# DAPT (Domain-Adaptive Pretraining) for Llama 3.1 on Earnings Call Transcripts

This notebook performs continued pretraining (causal LM objective) of Llama 3.1 using your local `stock_earning_call_transcripts.parquet`.

What you'll get:
- Environment-adaptive setup (CUDA, MPS, CPU) with automatic LoRA/QLoRA selection
- Robust dataset loading from Parquet and text-column auto-detection
- Efficient token packing into fixed-length sequences
- PEFT LoRA (and QLoRA on CUDA) training pipeline with Transformers Trainer
- Save adapters and quick inference sanity check

Notes:
- Accept the Llama 3.1 license on Hugging Face and authenticate before training.
- On macOS (MPS), QLoRA is disabled (no bitsandbytes).
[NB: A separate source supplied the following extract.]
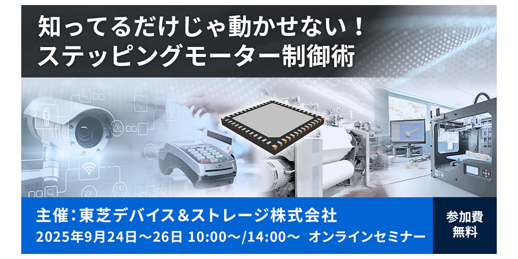 川崎--(BUSINESS WIRE)--(ビジネスワイヤ) --東芝デバイス&ストレージ株式会社は、9月24日(水)から26日(金)の3日間、「知ってるだけじゃ動かせない!ステッピングモーター制御術」 と題し、無料Webセミナー(ウェビナー)を開催します。
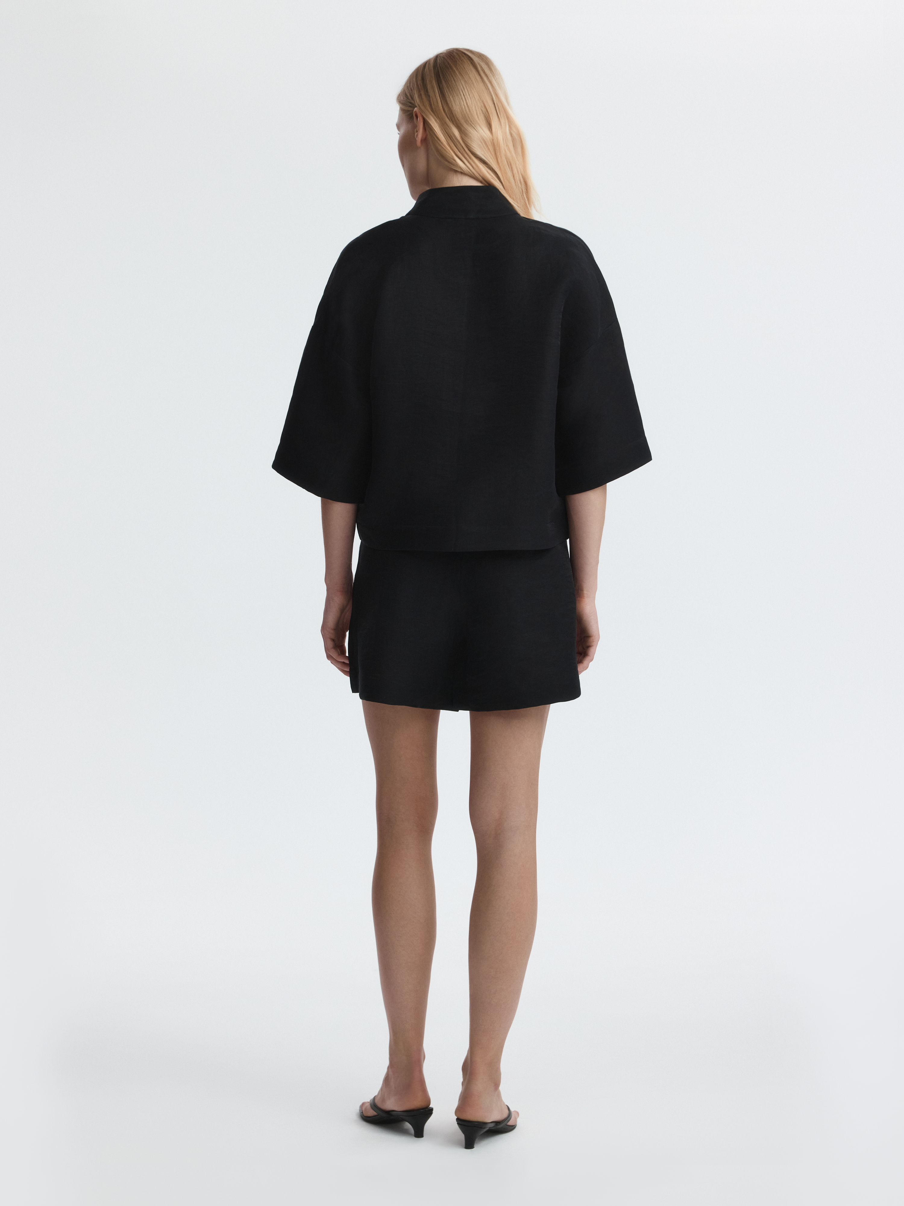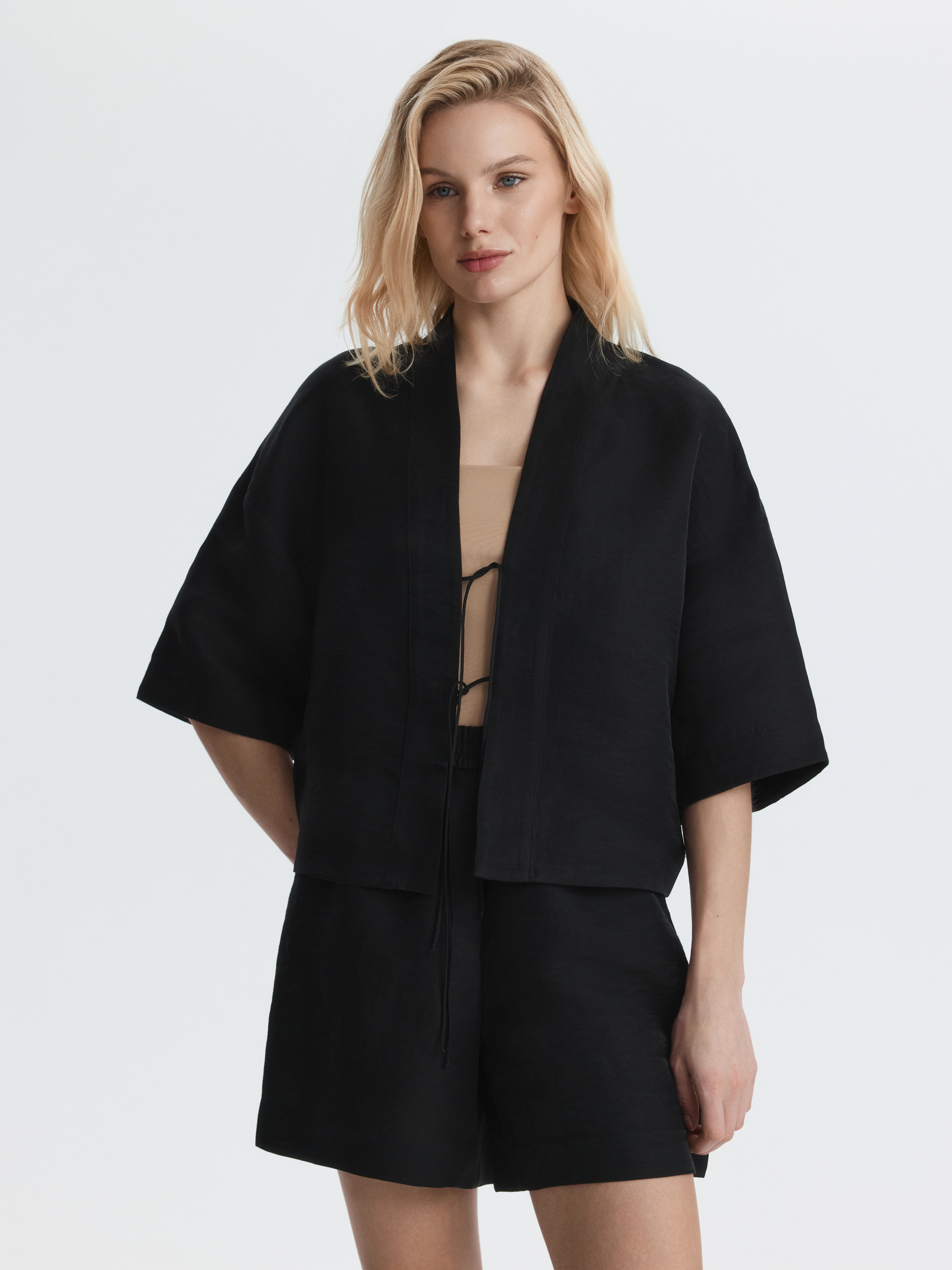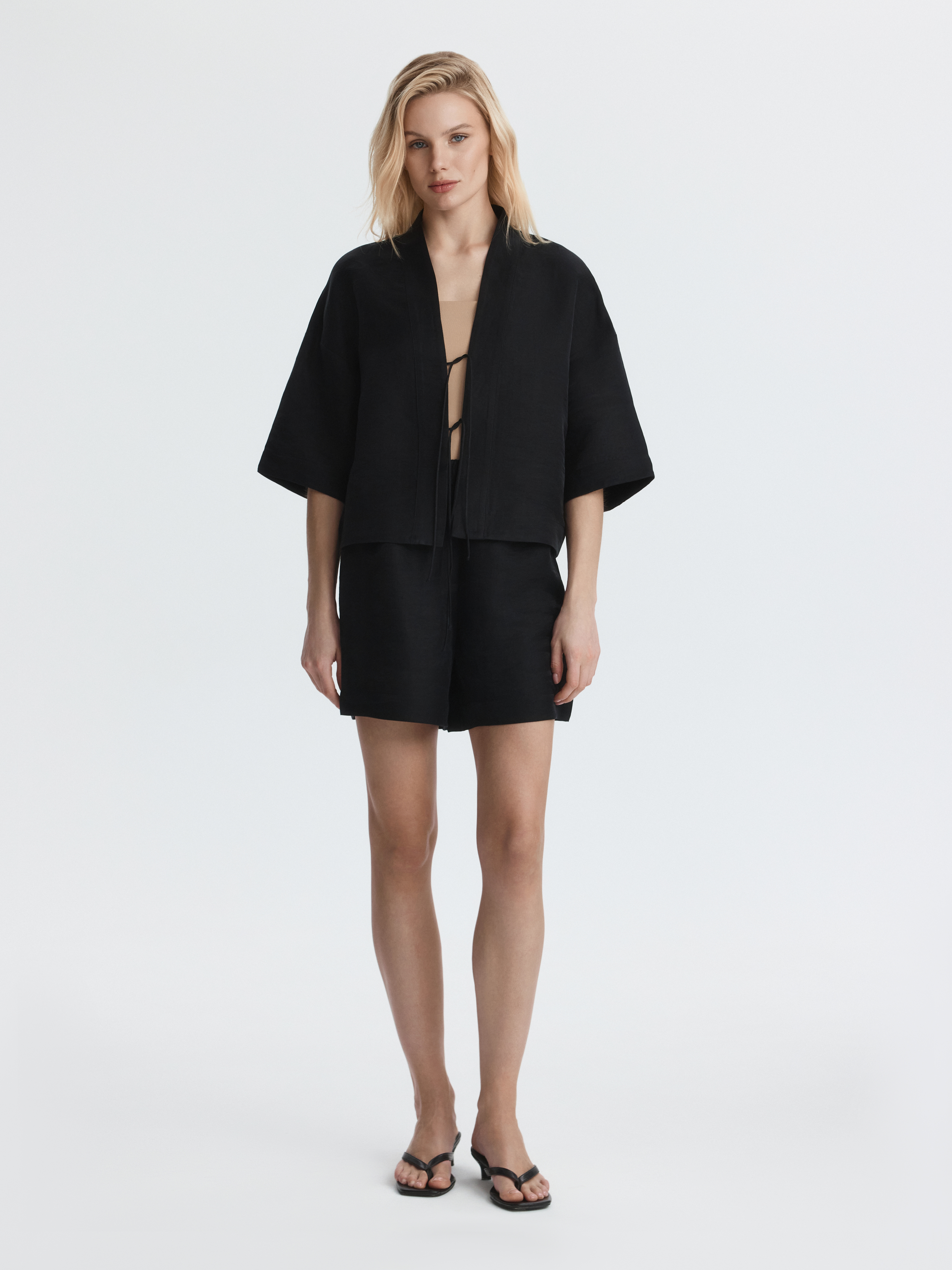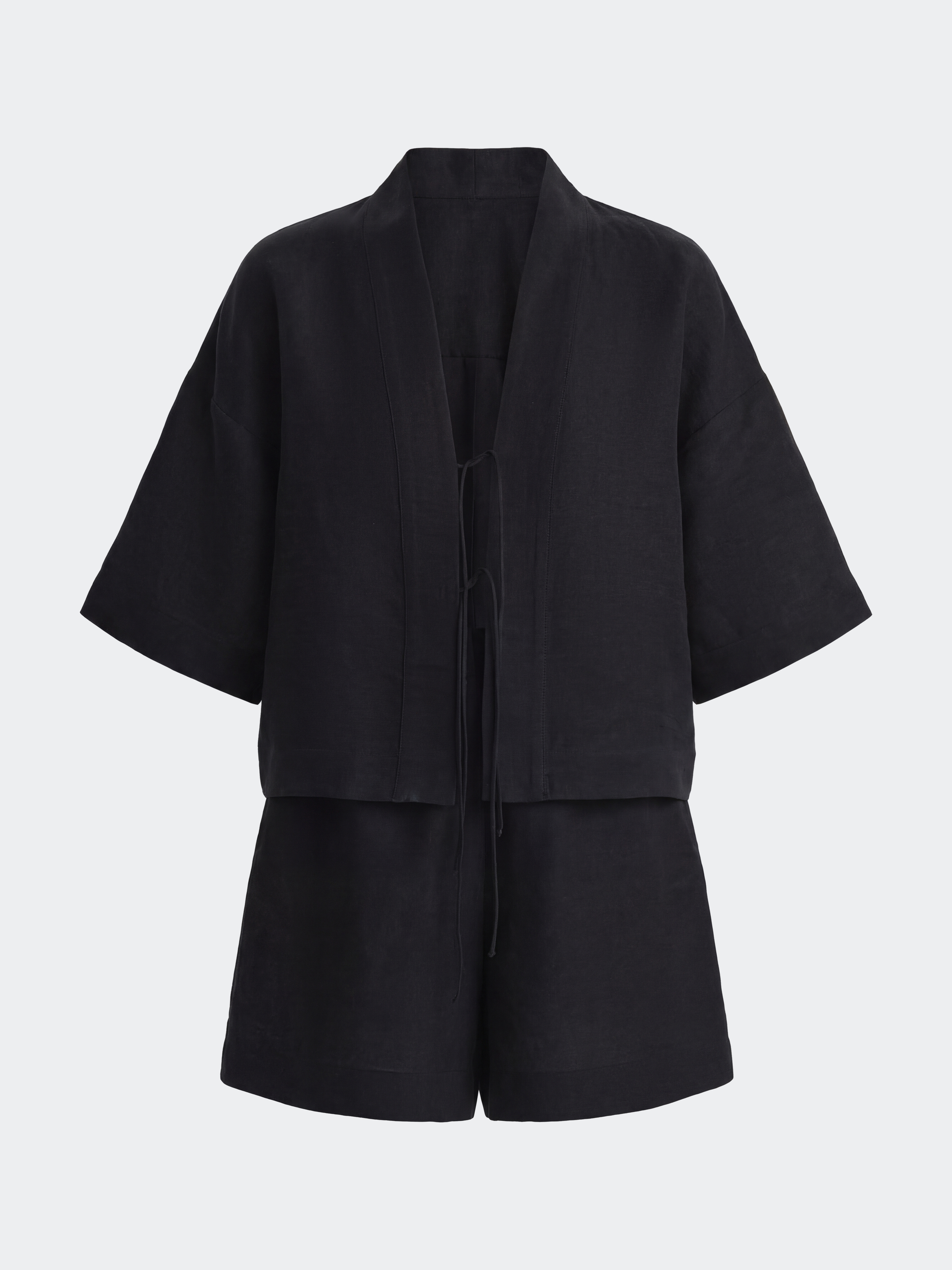 Костюм из рубашки и шорт станет актуальным решением на каждый день - носите их в комплекте или по отдельности. Тонкая ткань на основе льна идеальна для жаркого лета: она обладает дышащими свойствами и создает ощущение прохлады. Свободный крой, широкие рукава и резинка на талии обеспечивают комфортную посадку.

We use standard LoRA with float16/float32.
- For best performance, use a CUDA GPU and enable QLoRA.



In [1]:
# Install required libraries (run this once). You can re-run safely.
%pip -q install -U transformers datasets accelerate peft sentencepiece protobuf

# For CUDA QLoRA only (Linux/NVIDIA). Skip on macOS/CPU.
# %pip -q install bitsandbytes


^C
Note: you may need to restart the kernel to use updated packages.


In [8]:
%pip install -q huggingface_hub>=0.23.0

Note: you may need to restart the kernel to use updated packages.


In [None]:
from huggingface_hub import InferenceClient

client = InferenceClient("meta-llama/Llama-3.1-8B", token="hf_token")
resp = client.text_generation(
    "Write a haiku about GPUs",
    max_new_tokens=128,
    temperature=0.7,
)
print(resp)


The haiku is a 3-line poem that originated in Japan. It has 17 syllables in total, and it follows a 5-7-5 syllable pattern.
A GPU (Graphics Processing Unit) is a specialized electronic circuit designed to rapidly manipulate and alter memory to accelerate the creation of images in a frame buffer intended for output to a display. It is a component of a video card, used to control the rendering of images and video in a computer.
The GPU is a type of microprocessor, designed to handle a specific type of data. It is used in conjunction with a CPU, which is a general-purpose


In [1]:
import torch
print("CUDA available:", torch.cuda.is_available())
print("CUDA version:", torch.version.cuda)
print("PyTorch version:", torch.__version__)
print("SDPA backend:", torch.backends.cuda.sdp_kernel())

# If your GPU supports it, you can enable the flash kernel:
torch.backends.cuda.enable_flash_sdp(True)
torch.backends.cuda.enable_mem_efficient_sdp(True)
torch.backends.cuda.enable_math_sdp(True)


CUDA available: True
CUDA version: 12.4
PyTorch version: 2.6.0+cu124
SDPA backend: <contextlib._GeneratorContextManager object at 0x7f64b03f9ed0>


  self.gen = func(*args, **kwds)


In [2]:
print(torch.backends.cuda.flash_sdp_enabled())
print(torch.backends.cuda.mem_efficient_sdp_enabled())


True
True


In [11]:
# Minimize on-disk writes (avoid "No space left on device")
import os, tempfile, datasets, transformers

# Use a small temp dir for caches or disable dataset cache writes
TMP_DIR = tempfile.mkdtemp(prefix="hf_tmp_")
os.environ["HF_HOME"] = TMP_DIR
os.environ["HF_DATASETS_CACHE"] = os.path.join(TMP_DIR, "datasets_cache")
os.environ["HF_HUB_DISABLE_TELEMETRY"] = "1"
# Reduce CUDA fragmentation on small GPUs
os.environ["PYTORCH_CUDA_ALLOC_CONF"] = "expandable_segments:True"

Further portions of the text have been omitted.